Goldman Thinks China Stocks Can Jump Another 25%
China Coal Imports Set To Soar

Goldman Sachs is bullish on Chinese equities, saying they may rise another 25% before the end of this year as the promise of the Yuan appreciating may enable China to bring an end (at least for the near-term) to monetary tightening. China’s tighter monetary policy has been a drag on Chinese equities and related exchange traded funds this year as has Beijing’s efforts to cool China’s scorching real estate market. Now that down payment requirements have been significantly raised, the housing market may start to cool and that could be a help to Chinese stocks.
Certainly an end to the strict monetary policy China has employed recently would be a boon to stocks in China and probably several other markets as well. Goldman said other equity markets in the region may benefit as the Yuan appreciates. For now, the Shanghai Composite Index is still about 9% on the year and is among the world’s worst performing benchmark indexes.

On the bright side, Goldman did say the ”risk reward pretty good” while adding Yuan appreciation “is a powerful signal for people to become more constructive on equities.” Goldman also noted the CSI 300 Index, which tracks stocks listed in Shanghai and Shenzhen, may fall to 2,900 before reaching 4,000 by the end of this year. The index currently trades around 3,200.

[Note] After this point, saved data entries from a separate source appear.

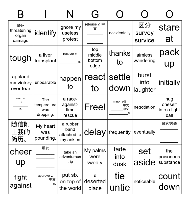 This bingo card has a free space and 48 words: fade into dusk, aimless wandering, a deserted place, The temperature was dropping., happen to, hug oneself into a tight ball, identify, approve v. _______ 中文 __________n., 区分survey survice, delay, stare at, release v. 中文 ________ ________ ________, burst into laughter, settle down, cheer up, negotiation, tough, pack up, set aside, accidentally, thanks to, a race-against-time rescue, life-threatening organ damage, a liver transplant, the poisonous substance, recover v. → __________n., initially, fight against, react to, unbearable, noticeable, minor adj. _______中文 _______中文 ___________n., 要求/需要 _________ _________ _________ _________, 激发 _________ _________ _________ _________, warn v. → _________ n., frequently, eventually, applaud my victory over fear, a rubber band attached to my ankles, take an adventurous trip, 随信附上我的简历。, count down, ignore my useless protest, put sb. on top of the world, top middle bottom edge, My palms were sweaty., My heart was pounding. and tie untie.
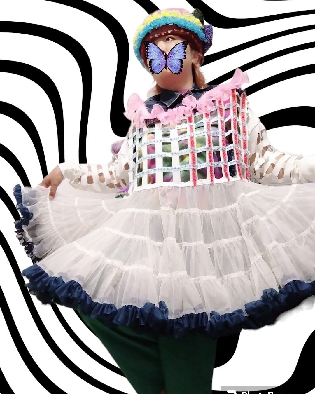 クロスの□穴あきトップスに最上級のパニエをドッキング+デニム付け襟です。首、手首はダメージカットしてます
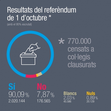 Каталонський уряд заявив, що порахував 2 262 424 бюлетенів. За результатами обробки 95%, на підтримку незалежності проголосували 2 020 144 каталонців (90,09%), проти – 176 566 осіб (7,87%), порожніми були 45 586 бюлетенів (2,03%) і визнані недійсними 20 129 (0,89%).
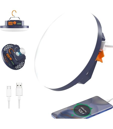 [24H Lighting Time & 3 Adjustable Modes + SOS Mode] The camping lantern can last about 300 hours in soft light mode, 48 hours in medium brightness and 24 hours in high brightness after fully charged. 6800-7000K color temperature, can illuminate 50m2, suitable for night outdoor activities. There is a light indicator indicating the battery level so that you can charge the lantern in a timely manner.[USB Rechargeable & 9900mAh Power Bank]USB port for fast and convenient charging. The rechargeable lantern can also be used as a power bank when you need to charge your phone or tablet. It is energy efficient and suitable for outdoor camping, BBQ, power outages, emergencies, hurricanes and earthquakes, etc.[Magnet, Hanging Hook & Lightweight]The camping lantern with magnetic base and hook, weight 9.8 oz, diameter 120 mm, portable and perfect for tent camping and fishing, easy to carry in your handbag or backpack.[Waterproof & Fast Cooling] USB camping lantern is made of high-quality A-class LED chips and lamp shade material, protected against water splashes. As an excellent camping gear, it has the heat resistance of a honeycomb cooling design, providing you with a durable companion for any adventure.[Suitable for Outdoor or Indoor Lighting]Portable work lights are suitable for camping, fishing, BBQ, vehicle repair, workshop, garages, various work environments such as warehouses, garden, hiking, shop and yard lighting and more indoor or outdoor activities. ...
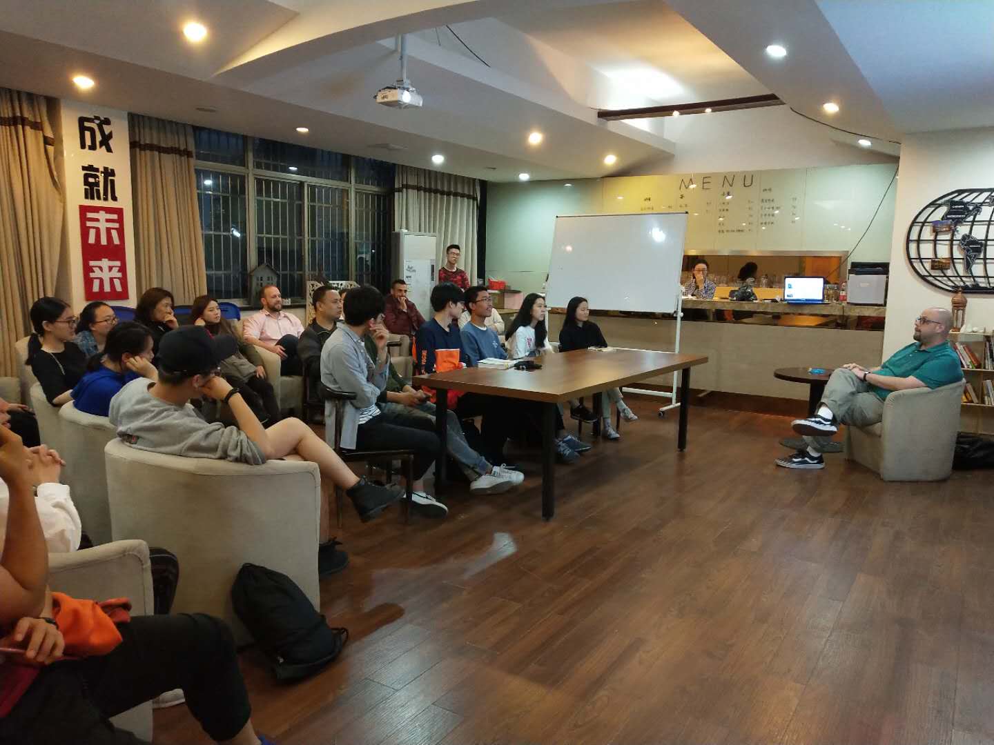 2019年4月18日,本学期第一次中外教沙龙在beat365在线唯一官网咖啡吧举行。沙龙主题为Video Game Culture in America(美国游戏文化),主讲人为美籍外教Nathan Tomey。

We continue to recommend the Claymore/AlphaShares China SmallCap ETF (NYSE: HAO) as one of gaining China exposure and would be buyers on any dips. Another interesting candidate to play China on a regional basis is the WisdomTree Emerging Markets Small-Cap Dividend ETF (NYSE: DGS), which has exposure to Taiwan, South Korea and Thailand, all of which benefit from China’s strong economy.